Path B: Jetson AGX Orin / Jetson AGX Thor

This is the larger Jetson path: serve a local model with vLLM in Docker, then point OpenClaw at it through the onboarding wizard.

Unlike the Nano route above, there isn’t really a single “fast path” one-liner here. On AGX-class Jetsons the model choice matters more, so this path stays manual: serve the model with vLLM, then point OpenClaw at it through the onboarding flow.

Step B1: Serve a Local Model with vLLM

Before setting up OpenClaw, we need to host a model locally.

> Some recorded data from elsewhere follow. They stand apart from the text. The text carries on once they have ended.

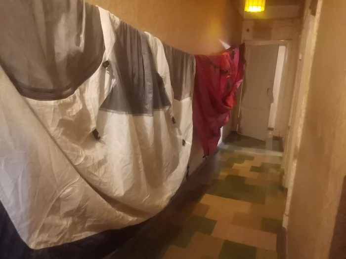 Назад ему ещё палатку общую втюхали нести-просушить и потом в школу отнести надо!
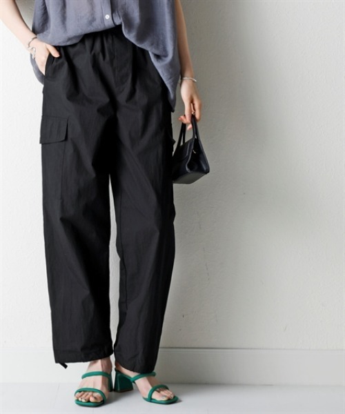 コーデに投入するだけでトレンド感を発揮するカーゴパンツ。コットンの柔らかさとナイロンの軽さや強度を持ったコットンナイロン素材でほどよいボリューム感に仕上げました ■デザイン 軽くてやわらかいパラシュートカーゴパンツ。 ルーズなシルエットでリラックス感のある穿き心地です。 裾紐は外に見えにくい仕様で更に足首をすっきりと見せ、美脚効果も抜群。 カーゴパンツのディテールを取り入れたデザインで、機能性も兼ね備えています。 ■素材 軽くて柔らかい綿ナイロン生地を使用。 ■おすすめのスタイリング どんなトップスとも合わせやすく、裾紐でシルエットを調節できるので、様々な着こなしが楽しめます。 この夏、大活躍間違いなしのアイテムです。 <仕様> 綿70%・ナイロン30% <洗濯方法> 洗濯機OK ネット使用 ■キーワード 夏、秋、パンツ、カーゴパンツ、リラックス感、カジュアル、カジュアルパンツ、ミリタリー、通年、オールシーズン、着回し、20代、30代、40代、ナイロン素材、カラーパンツ、ピンク、グリーン、ブラック、日常使い、きれい目カジュアル、洗える、洗える素材、ナイロン、おしゃれ、トレンド、
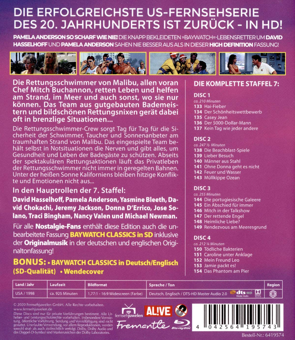PRODUKTBESCHREIBUNGEN Die Rettungsschwimmer von Malibu, allen voran Chef Mitch Buchannon, retten Leben und helfen am Strand, im Meer und auch sonst, wo sie nur können. Das Team aus gutgebauten Bademeistern und bildschönen Rettungsnixen gerät dabei oft in brenzlige Situationen... Die komplette 7. Staffel (22 Folgen) auf 4 Blu-rays: 133 Hai-Fieber 134 Der Schönheitswettbewerb 135 Casey Jean 136 Der 5000-Dollar-Mann 137 Kein Tag wie jeder andere 138 Die Beachblast-Spiele 139 Lieber Besuch 140 Männer aus Stahl 141 Ohne Donna geht es nicht 142 Feuer und Wasser 143 Müllkippe Ozean 144 Die Portugiesische Galeere 145 Ein Abschied für immer 146 Mitch in der Talkshow 147 Der rettende Engel 148 Heimliche Liebe? 149 Rendezvous am Meeresgrund 150 Tödliche Bakterien 151 Caroline unter Anklage 152 Jamie packt es! 153 Das Phantom am Pier 154 Mein Freund Leo Bonusmaterial: Wendecover; Baywatch Classics in Deutsch/Englisch;

For this path we’ll use vLLM as the serving engine.

Any model should work here as long as it’s capable of tool calling. Tool calling is very important for OpenClaw. It’s how the agent takes actions on your behalf.

Tip: In our testing, Mixture of Experts (MoE) models work exceptionally well with OpenClaw, models like Nemotron 3 Nano 30B-A3BQwen 3.5 35B-A3B, and GLM 4.7 Flash.

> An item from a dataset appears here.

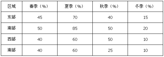 下表列舉了全國各區(qū)域季度平均濕度情況,通過了解這些信息幫助我們實(shí)時(shí)的對機(jī)房所需濕度進(jìn)行調(diào)整;
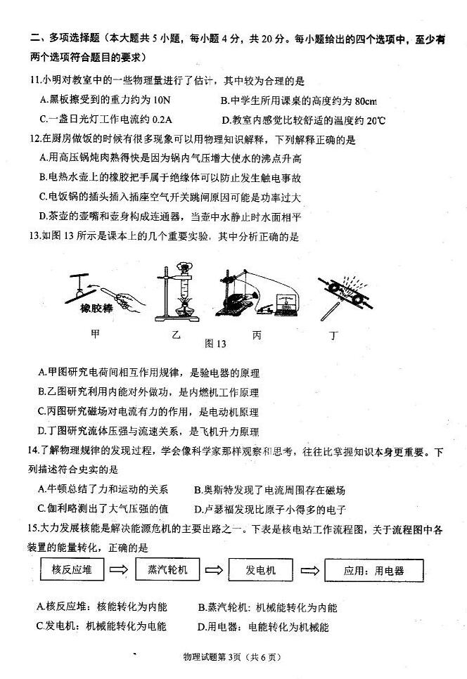 2018山东济南天桥九年级复习调查物理试题(图片版)(3)

Export your Hugging Face token

Some models require you to accept a license agreement on Hugging Face before using them. Export your token so vLLM can download the model:

export HF_TOKEN=your_huggingface_token_here

Serve the model

For this path, we’ll go with Nemotron 3 Nano 30B-A3B. Select your device below:

AGX Thor
sudo docker run -it --rm --pull always \
  --runtime=nvidia --network host \
  -e HF_TOKEN=$HF_TOKEN \
  -e VLLM_USE_FLASHINFER_MOE_FP4=1 \
  -e VLLM_FLASHINFER_MOE_BACKEND=throughput \
  -v $HOME/.cache/huggingface:/data/models/huggingface \
  ghcr.io/nvidia-ai-iot/vllm:latest-jetson-thor \
  bash -c "wget -q -O /tmp/nano_v3_reasoning_parser.py \
  --header=\"Authorization: Bearer \$HF_TOKEN\" \
  https://huggingface.co/nvidia/NVIDIA-Nemotron-3-Nano-30B-A3B-NVFP4/resolve/main/nano_v3_reasoning_parser.py \
  && vllm serve nvidia/NVIDIA-Nemotron-3-Nano-30B-A3B-NVFP4 \
  --gpu-memory-utilization 0.8 \
  --trust-remote-code \
  --enable-auto-tool-choice \
  --tool-call-parser qwen3_coder \
  --reasoning-parser-plugin /tmp/nano_v3_reasoning_parser.py \
  --reasoning-parser nano_v3 \
  --kv-cache-dtype fp8"

AGX Orin

sudo docker run -it --rm --pull always \
  --runtime=nvidia --network host \
  -e HF_TOKEN=$HF_TOKEN \
  -e VLLM_USE_FLASHINFER_MOE_FP4=1 \
  -e VLLM_FLASHINFER_MOE_BACKEND=throughput \
  -v $HOME/.cache/huggingface:/data/models/huggingface \
  ghcr.io/nvidia-ai-iot/vllm:latest-jetson-orin \
  bash -c "wget -q -O /tmp/nano_v3_reasoning_parser.py \
  --header=\"Authorization: Bearer \$HF_TOKEN\" \
  https://huggingface.co/nvidia/NVIDIA-Nemotron-3-Nano-30B-A3B-NVFP4/resolve/main/nano_v3_reasoning_parser.py \
  && vllm serve stelterlab/NVIDIA-Nemotron-3-Nano-30B-A3B-AWQ \
  --gpu-memory-utilization 0.8 \
  --trust-remote-code \
  --enable-auto-tool-choice \
  --tool-call-parser qwen3_coder \
  --reasoning-parser-plugin /tmp/nano_v3_reasoning_parser.py \
  --reasoning-parser nano_v3 \
  --kv-cache-dtype fp8"

Tip: These models need a lot of memory. Before serving, make sure you don’t have other processes eating up GPU memory.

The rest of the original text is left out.